В какой-то момент я решил бросить занятия философией как поиска истины. Все. Отдал все свои книги другу Коле, перестал этим заниматься, Ходил в церковь, там спрашивал, что бы мне почитать. И все говорили: читай Игнатия Брянчанинова. Ну, думаю, ладно. Но нигде же ничего не продавалось. Я когда поступил в лицей, например, захотел Библию почитать. А она была только в отделе редких книг. Только там можно было Библию почитать и посмотреть. Я пришел, мне вынесли Библию, я ее открыл, полистал: ух ты!

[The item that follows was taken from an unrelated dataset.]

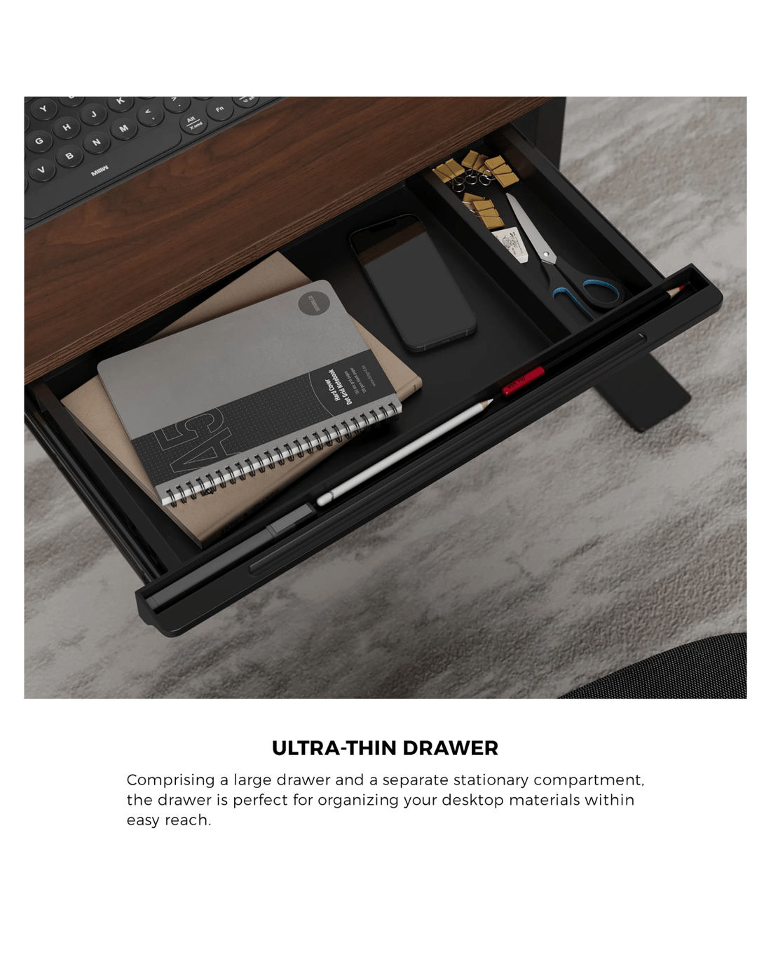 Not least, an ultra-thin drawer is aptly included with the desktop to help organise and keep all your desktop working paraphernalia close at hand within a spacious drawer and separate stationary compartment.

Евангелие тогда стали впервые печатать в журнале «Слово» в 1990-м, кажется, году. И мы с другом его сразу же выписали. Такой вот литературно-художественный журнал, и там печатали Евангелие. И мы вырезали, у меня были вырезки, я все это читал, это была такая ценность! Ведь ничего не было.

 

И когда я стал читать Платона, меня настолько поразили доказательства бессмертия души.

 

И как Вам Евангелие в таком возрасте?

 

Тоже поразительно. Но я его как-то недопонял сначала. Мне очень нравилось научение Христа, но я это воспринимал как-то по-человечески. Как будто это был человек, я еще не осознавал, что это Бог. Я даже настолько не понял, что думал: а почему же Его распяли, он же добру учил, говорил все хорошее. Я как-то не понял. Когда я в церковь ходил, в кружок вокруг владыки Иоанна, я стал спрашивать, а мне все твердят: Игнатий Брянчанинов! Игнатий Брянчанинов! И я пошел в библиотеку в университете, выписал его сочинения. Мне принесли, я стал рассматривать: первый том – «Аскетические опыты». Да, думаю, интересно. А третий том открываю – «Слово о смерти». Ух ты! Это же как раз то, что меня больше всего интересовало в связи с Платоном. Стал читать, так увлекся, что за целый вечер прочел целиком всю эту книжку. Сидел до закрытия. На меня нашло такое благоговение и какой-то ужас священный, что даже волосы на голове шевелились. Потому что там так  живо, ярко описывается, все, что связано с христианским учением о смерти. На меня это огромное впечатление произвело. И я потом уже остальные сочинения Игнатия Брянчанинова стал читать. И уже тогда по-серьезному стал в церковь ходить, готовиться к причащению, стал воцерковляться. Но он был первым автором, которого я стал читать.

 

2

 

Как дальше складывалась Ваша жизнь? Вы уже были обогащены мыслями святых отцов. Что это изменило в Вашей жизни?

 

Потом в лицее мы очень много изучали философию. У нас был философский кружок, который завели мы с моим преподавателем. Он преподавал логику на первом курсе лицея, а на втором – философию. В субботу мы не учились, и мы с ним договорились встречаться и просто что-то обсуждать. В свободной дискуссии мы проходили историю западной философии, начиная с Декарта. Там обсуждались вопросы философии бытия, говорили о Боге, о мире, о человеке. Это тесно соприкасается с той проблематикой, которую обсуждает и богословие. Оно ведь тоже учит и о мире, о Боге, о человеке, о бытии, просто в другом преломлении. Тесно соприкасается философия с богословием.

 

Но не обязательно философия приведет к богословию, да?

 

Ну, смотря какая. Вот древних греков она привела. Если это подлинная философия – я думаю, приведет. Почему Бог избрал как раз древних греков, чтобы проповедовать миру Евангелие? Ведь через греков оно было проповедано. Хотя Христос был в еврейской среде, но кто распространил Евангелие?  Евангелия все на греческом языке были написаны. И кто был поражен Евангелием, кто первый обратился? Как раз вот эти греческие философы. Они стали один за другим обращаться, приходить к вере. У них начались споры, потому что греки мыслили, думали. В результате богословских споров у них кристаллизовалось вот это учение церковное. И вообще все, что создано в Церкви.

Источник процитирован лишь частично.